Ты, пустыня, моя матушка,
Помилей мне отца с матерью,
Вы, леса мои кудрявые,
Помилей мне роду-племени,
Вы, луга, луга зеленые,
Помилее красна золота,
Вы, раздольица широкие,
Помилее чиста сéребра,
Вы, кусты, кусты ракитовы,
Помилее скатнá жемчугу,
Вы, залетны мелки пташечки,
Схороните мои косточки
На чужой дальной сторонушке,
Во прекрасной во пустынюшке.
 

Совсем, бывало, стемнеет, зелеными переливчатыми огоньками загорятся в сочной траве Ивановы червяки, и станут в тиши ночной раздаваться лесные голоса; то сова запищит, как ребенок, то дергач вдали затрещит, то в древесных ветвях птица впросонках завозится, а юный пустынник, не чуя ночного холода, в полном забытьи, стоит, долго стоит на одном месте, подняв голову и вперив очи в высокое небо, чуть-чуть видное в просветах темной листвы деревьев…

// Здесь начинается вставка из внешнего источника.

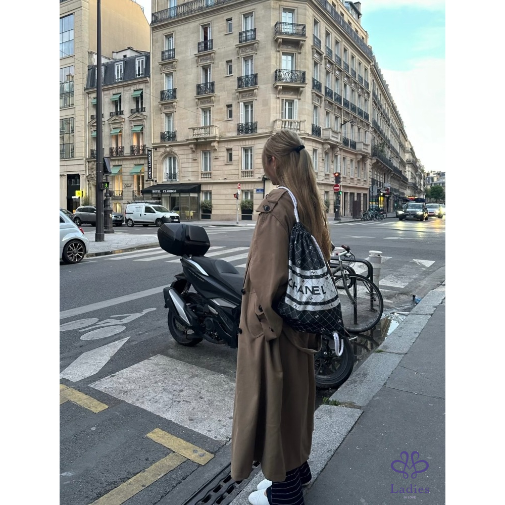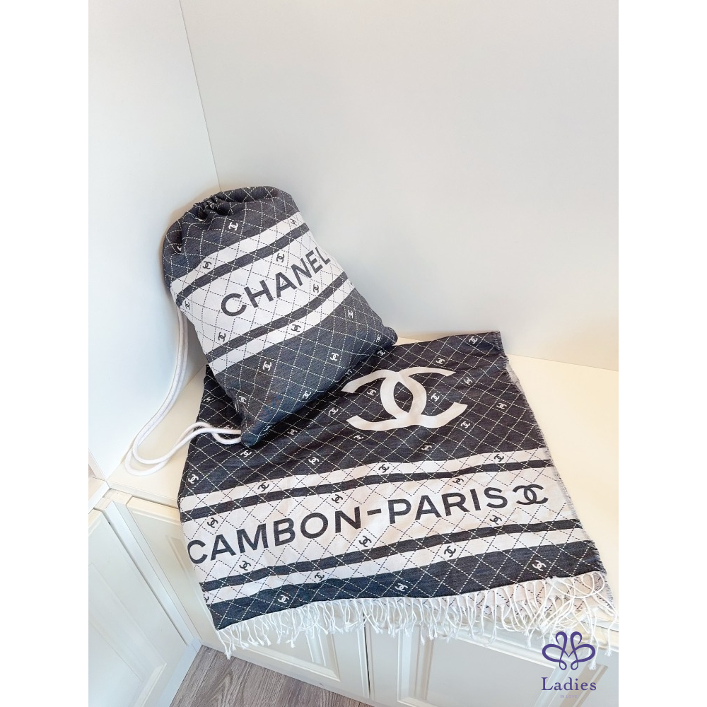 首頁 精品包包 CHANEL 香奈兒 24p 黑灰帆布抽繩沙灘包 / 圍巾披肩 兩件組
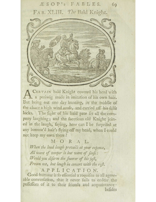 On the left stands a man on a horse, looking at a man on a horse in the middle, who is throwing his wig and hat, showing his bald head. On the right, a man on a horse going down a hill is stopped, turning back to look at the bald man in the middle. The middle man's horse is slightly up on its hind legs, appearing as if it is about to jump.

Каждый раз, когда возвращался отшельник в деревню, его встречали попреками, бранью, побоями, но все он сносил безропотно и в духовной радости любезно принимал озлобления, памятуя мучеников, за Христа когда-то еще не то потерпевших. На пятнадцатом году Герасим совсем скрылся… Не нашли его ни в лесу, ни у ловцов; сам Нефедыч не знал, куда он девался. Думали, в реке потонул, но вода нигде мертвого тела не вынесла; думали – не волки ли съели его, но сколько по лесу ни ходили – ни косточки, ни остатков Герасимовой одежды не нашли. Отец куда следует подал объявление; Герасима по всем городам и уездам будто бы разыскивали, извели на то немало бумаги, но так как нигде не нашли, то и завершили дело тем, что зачислили Герасима Чубалова без вести пропавшим.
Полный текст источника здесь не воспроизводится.